The increasing digitisation of society may be a source of frustration to cash lovers and people with concerns about endemic surveillance, but the pace of change is undeniable.
It’s been estimated that 93 per cent of the British population now uses online banking, with a quarter of us holding digital-only accounts with online providers like First Direct.
The ubiquity of digital payments is reflected in the growing number of venues around the country where cash is no longer accepted as a payment method.
This enrages some people, yet from the vendor’s perspective, card payments are quicker and easier than having to maintain cash floats and ensure staff are counting change correctly.
Nonetheless, the switch to digital banking payments requires diligence and vigilance from account holders.
We’ve recently written about new waves of payment fraud, with bad actors constantly seeking vulnerabilities in consumer-facing hardware, software, tools and applications.
A key point of weakness is the internet connection used to conduct online transactions, whether completing an ecommerce payment or simply checking current balances.
As such, it’s vital to employ best practice when doing anything over the internet involving money.
Safe online banking is more important than it’s ever been.
Safe as houses?
To begin with, ensure you only ever conduct financial affairs across a secure internet connection, such as your home’s broadband or WiFi network.
Mobile 4G and 5G networks should also be sufficiently encrypted against people spying on your activities.
The same cannot be said for insecure public WiFi networks with shared passwords. Someone with specialist software could spy on the data being sent by devices on the same network.
If you do need to conduct financial transactions over a public network, install and use a VPN on your device to ensure information can’t be spied on by third parties.
You could also try using the Tor network, though the randomised nature of data transfers can lead to timeouts, while host servers may reject data requests from devices cloaked in this way.
If you’re in a public place (or even beside a street-facing window in your own home), ensure your screen isn’t visible to strangers, who might be able to view confidential account data.

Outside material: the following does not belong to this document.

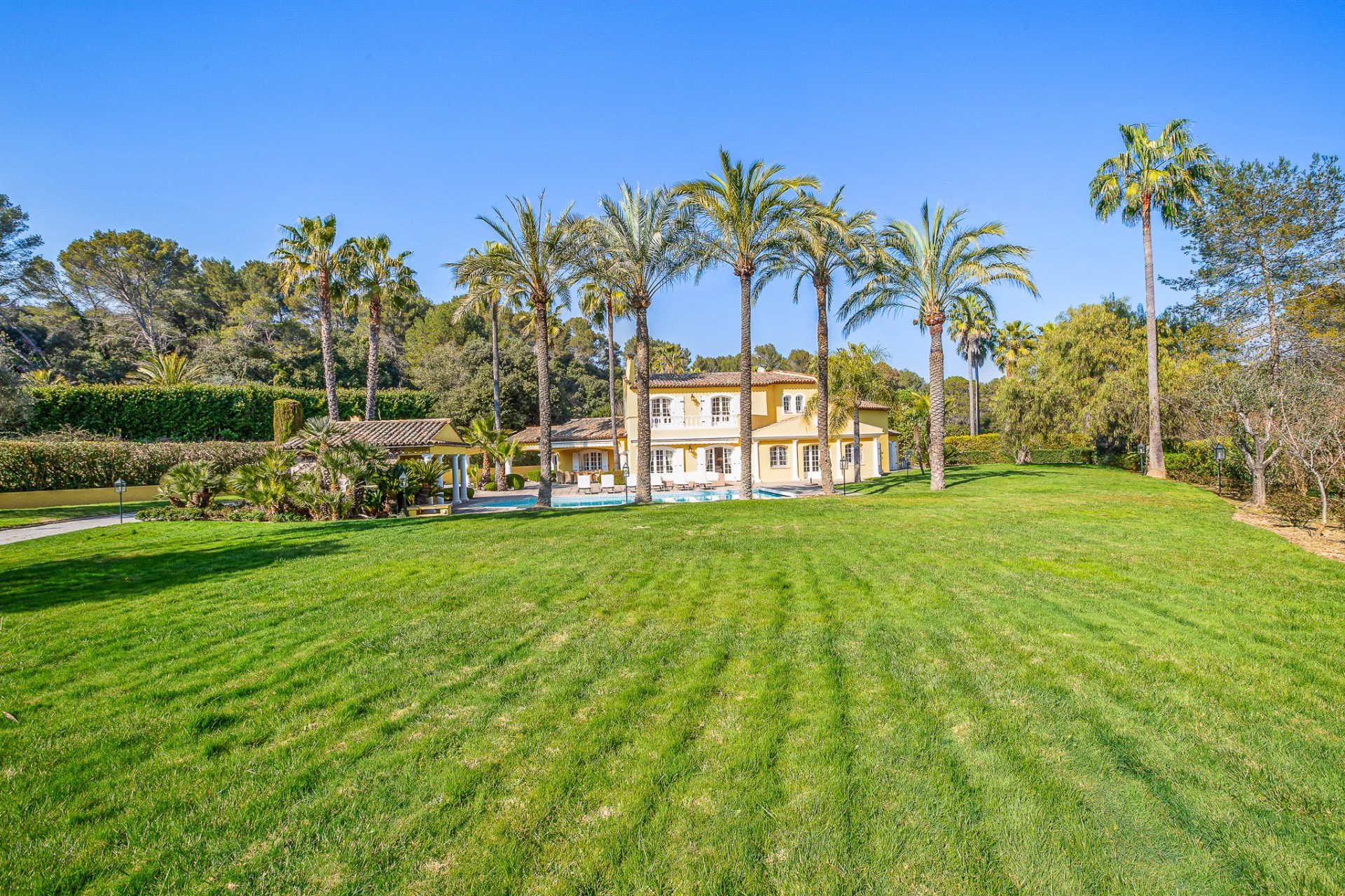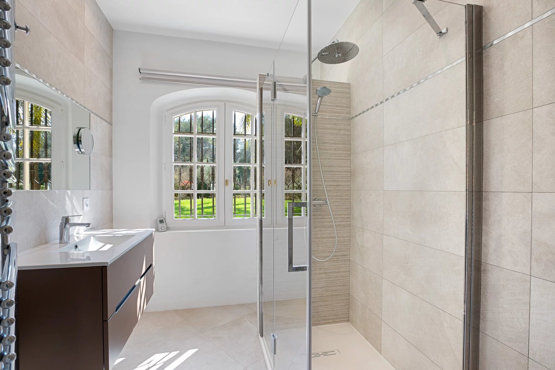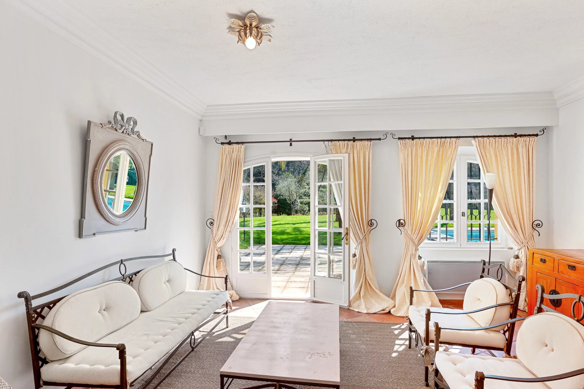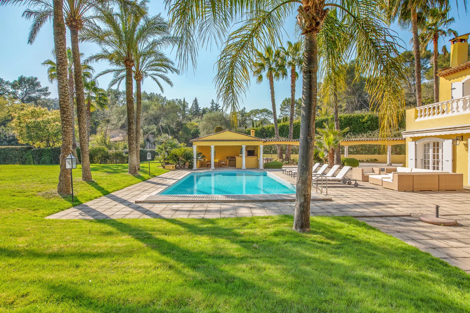 Located in a sought-after, secure neighborhood just minutes from Mougins village, this stunning quality villa offers over 270 m2 of living space (excluding annexes and basement) and is set on a private, enclosed plot of approximately 3000 m2, without any overlooking neighbors.

Having ensured any communications will be protected from other people’s gaze, the next step is to approach any account logins or online payments with caution.
The latter could install a Trojan which stealthily monitors online activities, giving criminals key account passwords, PIN codes and login credentials.
For the same reason, safe online banking requires robust passwords which haven’t previously been obtained in a data breach – some web browsers now warn you of potential breaches.
Write passwords down in an offline form like a notebook or use a password manager utility to minimise the risk of forgetting a password and ending up locked out of your own accounts.
It’s tempting to begrudge two-factor authentication, but it’s there to ensure safe online banking with minimal risk of accounts being hacked or drained by a third party.
Ensure you always log out of any accounts after you’ve finished. Don’t assume closing a browser window or putting a device onto standby provides sufficient protection.
Equally, zero day malware comprises brand new threats, so give any antivirus software free rein to automatically install updates and proactively scan files for potential threats.